AWS Bedrock supports custom application inference profiles for cost tracking and resource management. Set [bedrock_inference_profile][pydantic_ai.models.bedrock.BedrockModelSettings.bedrock_inference_profile] to route requests through an inference profile while keeping the base model name for detecting model capabilities:
from pydantic_ai import Agent
from pydantic_ai.models.bedrock import BedrockConverseModel
from pydantic_ai.providers.bedrock import BedrockProvider
provider = BedrockProvider(region_name='us-east-2')
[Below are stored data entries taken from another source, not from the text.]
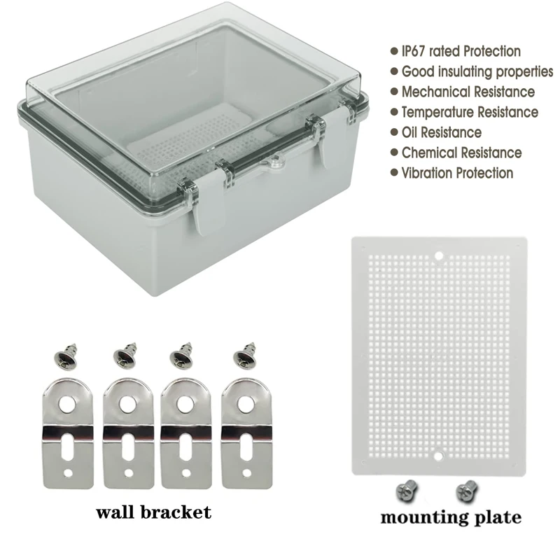 Matériau ABS de haute qualité, léger et robuste, les sorties de câble peuvent être facilement percées Comprend un panneau de montage pour une installation facile de carte PCB, terminal ou tout autre composant électrique qui doit être fixé sur Boîtier électrique étanche IP67 Boîtier électrique Extérieur Boîte de Jonction avec Couvercle à Charnière Pince en Plastique pour Bricolage Gris : : BricolageÀ propos de cet article Clip en plastique: Les clips en plastique maintiennent une bonne étanchéité à l'eau et sont faciles à ouvrir et à fermer, ce qui peut fournir une bonne protection pour votre équipement... Boîtier De Boîte De Jonction En Plastique, Boîte électrique Extérieure Fdit Boîtier de boîtier de projet électrique Boîte de jonction Boîtier Couvercle à charnière simple, facile à ouvrir et à fermer, loquets en acier inoxydable pour garder une bonne étanchéité
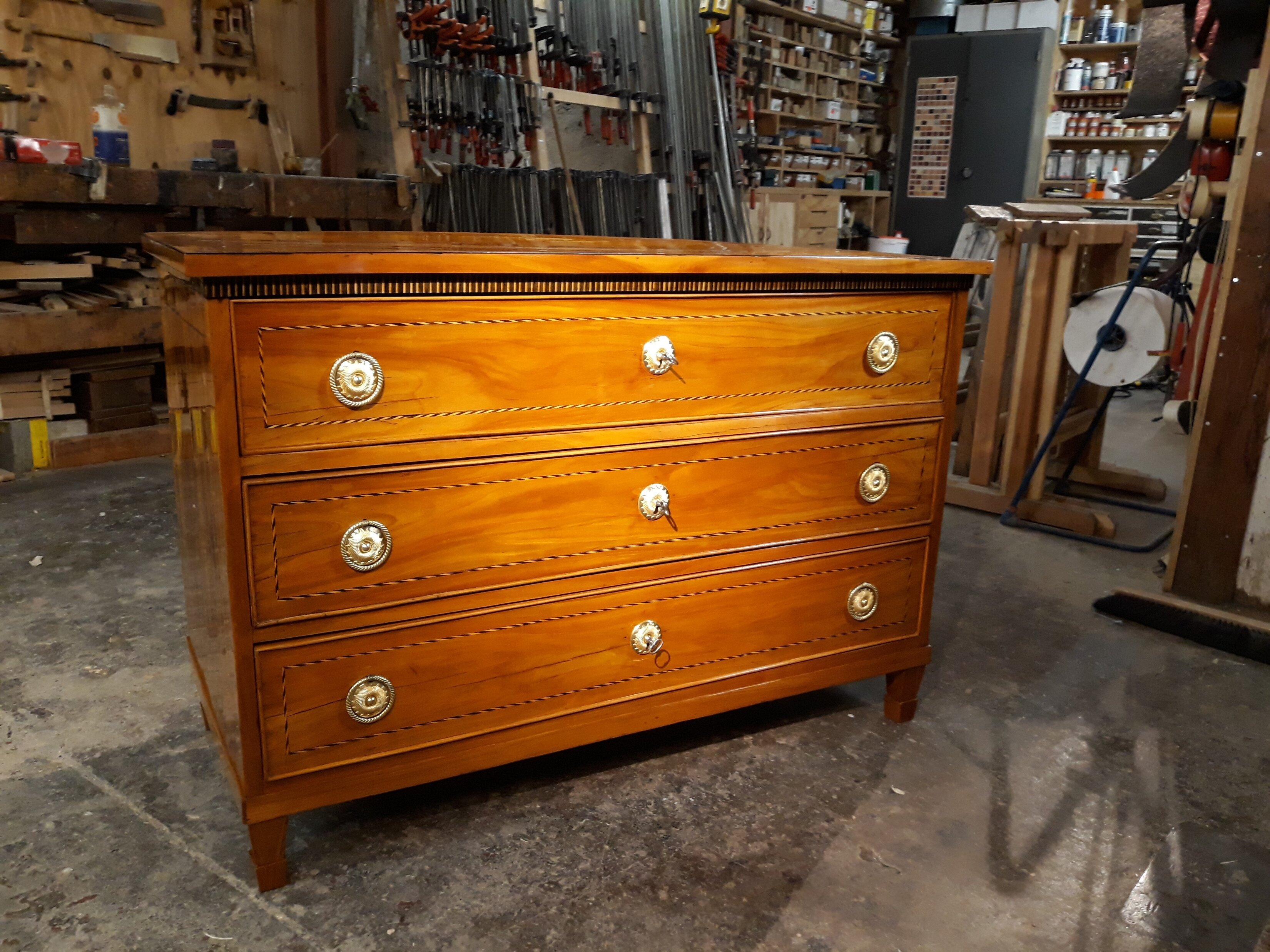 Nicht ohne Stolz möchten wir das Ergebnis unserer Restaurierung im Rahmen der SWR-Dreharbeiten präsentieren. Es ist keine Frage, diese klassizistische Kommode von um 1800 hatte ihre Tücken, aber zu sehen, was aus dem einen oder anderen anmutenden „hoffnungslosen Fall" mit Geduld und Arbeit herauszuholen ist, begeistert auch uns immer wieder!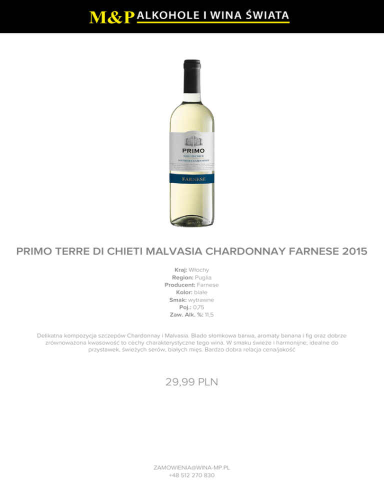 PRIMO TERRE DI CHIETI MALVASIA CHARDONNAY FARNESE 2015 Kraj: Włochy Region: Puglia Producent: Farnese Kolor: białe Smak: wytrawne Poj.: 0,75 Zaw. Alk. %: 11,5 Delikatna kompozycja szczepów Chardonnay i Malvasia. Blado słomkowa barwa, aromaty banana i fig oraz dobrze zrównoważona kwasowość to cechy charakterystyczne tego wina. W smaku świeże i harmonijne; idealne do przystawek, świeżych serów, białych mięs. Bardzo dobra relacja cena/jakość 29,99 PLN [email protected] +48 512 270 830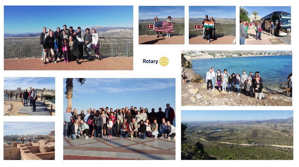 En esta excursión aparte de familiares y amigos nos acompañaron los 12 jóvenes de intercambio de Rotary en la comarca 6 americanos, 2 australianos, 2 indios, 1 coreano y una alemana. El día fue fantástico, nos acompaño una climatología estupenda y con un día claro desde el mirador de la entrada de la cueva teníamos una vista amplia de la comarca del Alacanti. Luego la visita al yacimiento de la illeta dels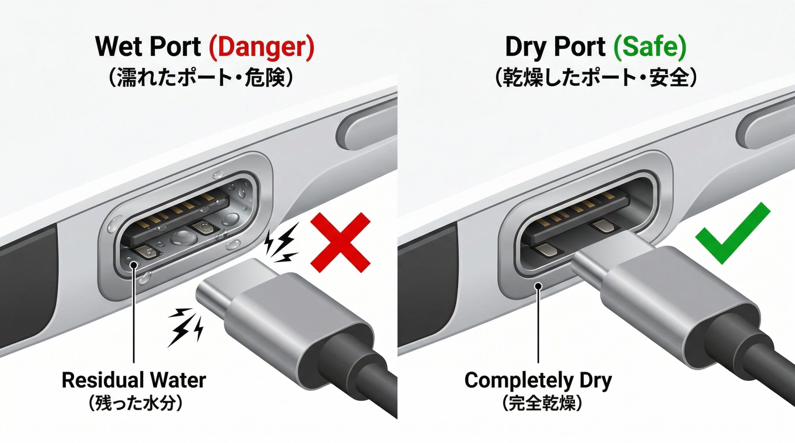 故障を防ぐ乾燥のコツ。USB-C充電ポートに残った水分とサビ・腐食の防止策
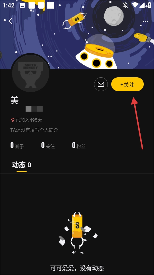 4、进入用户主页,点击【+关注】,完成用户关注操作。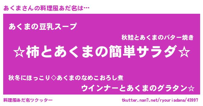 | ヒーロー風カッコイイあだ名 | 『黄金騎士アク』『ウルトラあくまマン』 |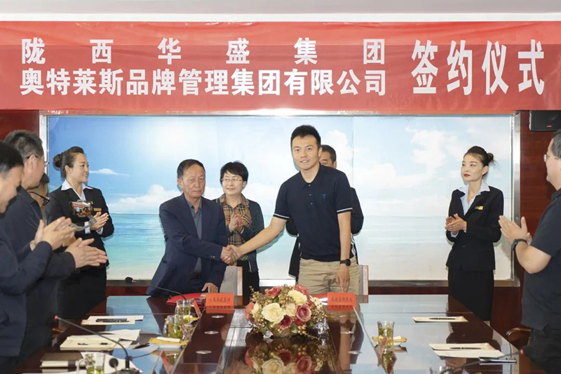 奧特萊斯(中國)業務拓展中心總經理左祺與隴西華盛集團董事長柴彥章代表雙方公司簽署合作協議。

model = BedrockConverseModel(
'us.anthropic.claude-opus-4-5-20251101-v1:0',
provider=provider,
settings={
'bedrock_inference_profile': 'arn:aws:bedrock:us-east-2:123456789012:application-inference-profile/my-profile',
},
)
agent = Agent(model)
Bedrock uses boto3's built-in retry mechanisms. You can configure retry behavior by passing a custom boto3 client with retry settings:
import boto3
from botocore.config import Config
from pydantic_ai import Agent
from pydantic_ai.models.bedrock import BedrockConverseModel
from pydantic_ai.providers.bedrock import BedrockProvider
# Configure retry settings
config = Config(
retries={
'max_attempts': 5,
'mode': 'adaptive' # Recommended for rate limiting
}
)
bedrock_client = boto3.client(
'bedrock-runtime',
region_name='us-east-1',
config=config
)
model = BedrockConverseModel(
'us.amazon.nova-micro-v1:0',
provider=BedrockProvider(bedrock_client=bedrock_client),
)
agent = Agent(model)
'legacy' (default): 5 attempts, basic retry behavior'standard': 3 attempts, more comprehensive error coverage'adaptive': 3 attempts with client-side rate limiting (recommended for handling ThrottlingException)For more details on boto3 retry configuration, see the AWS boto3 documentation.
!!! note Unlike other providers that use httpx for HTTP requests, Bedrock uses boto3's native retry mechanisms. The retry strategies described in HTTP Request Retries do not apply to Bedrock.